An Inconvenient Movie

The plan is to see Al Gore's movie this weekend with some friends and in preperation I found a TCS article written a month ago entitled "Questions for Al Gore." Climatologist Roy Spencer hits on a lot of good points, notably reminding us there is not a total consensus that global warming is an unnatural phenomenon. It sounds like this film is a "documentary" in the same way Star Wars: The Phantom Menace was "good." The only people that buy the label are already too invested in it to consider otherwise.

3 comments:

Anonymous said...

First there was doubt if global warming existed. It's been proven that it does, so instead they are asking if it is natural. So the question is, what would it take to convince you that it is not a natural phenomenon or at least partially artificially induced?
Jason

Tim said...

I don't doubt there's a human component - you can't be a part of a system without affecting it.

I just read a lovely article in Scientific America - the editor was formerly a believer in the "Skeptical Environmentalist" line of that Scandinavian guy (it's late and I'm too lazy to go check his name :-P ). On seeing actual photographs of glacial recession he decided it's beyond time for skepticism, and that action is necessary.

Great line, but didn't he notice, not too long ago, the whole north American continent was pretty well buried under ice down to Wisconsin?
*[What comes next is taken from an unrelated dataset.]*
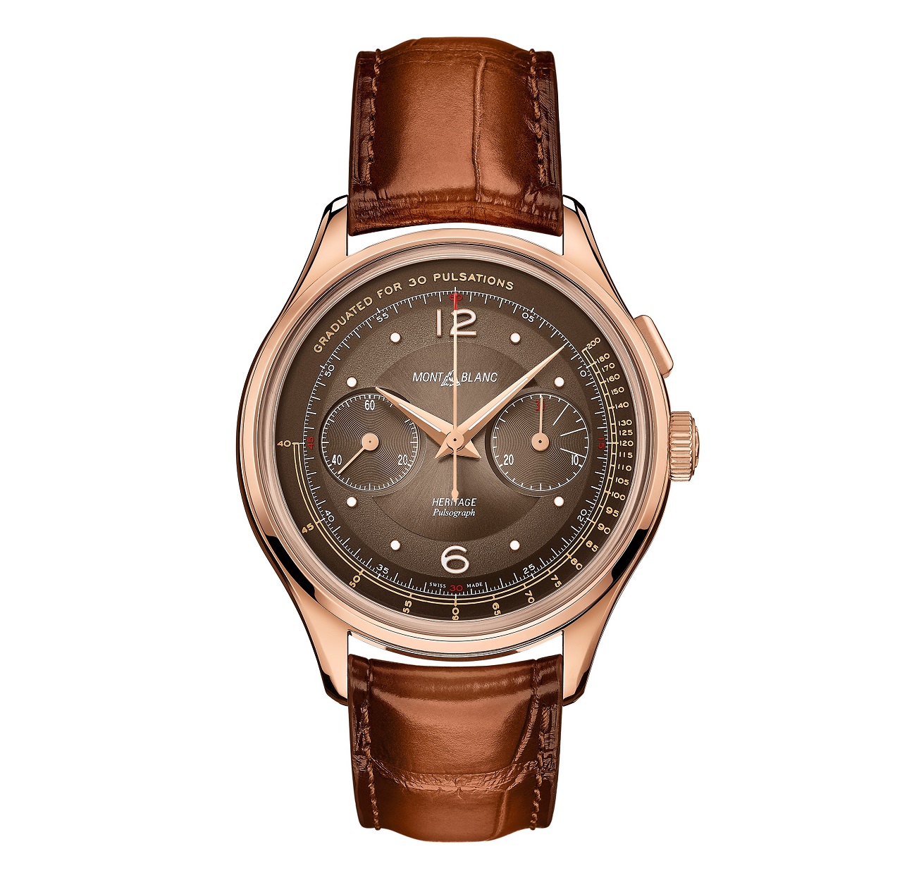 Наконец, наиболее престижной в данной компании позиционируется модель Heritage Manufacture Pulsograph, оформленная в формате ограниченной 100 экземплярами серии в 40-миллиметровом корпусе из розового золота 18К в сочетании с патинированным табачно-коричневым циферблатом и подходящим по цвету ремешком из кожи аллигатора с эффектом сфумато.

I understand it's a frightening issue - actually, I don't. I don't understand it at all. I'm in Siberia, and just lived through the coldest damn winter of my life. At the moment, a bit of global warming sounds nice.

But joking aside, I'm not sure it really matters very much. Climate change is climate change, and the world has been hell-hot and icy-cold both, and more times than we can count. Life goes on, and we couldn't stop that if we wanted to, nuclear arsenals unleashed.

Anonymous said...

"I'm not sure it really matters very much. Climate change is climate change, and the world has been hell-hot and icy-cold both, and more times than we can count."

People die too. So should murder matter. I mean they're going to die eventually so should it matter if it happens now or later? How about artificial life support? Should we keep people alive when they should be dead?

The flaw in your arguement is that there is a difference between a natural change and an artificial one. As humans it has become our nature to do unnatural things. I don't mean that in a bad way either. Walking on the moon is unnatural. So are blogs. But so are causing mass extinctions without a meteor strike.

Since our own survival is at stake, we have to try to at least control our impact on the planet before it bites us in the ass.

Oh David, I found an article about the movie. It looks like your inconvient truth is that Gore's science is accurate.
http://www.technewsworld.com/story/51387.html
There may not be a total consensus on the science, but that doesn't mean it's not true. It's pretty hard to have a total consensus on anything. If that was the basis of your defination of a documentary, then there can never be any documentaries period.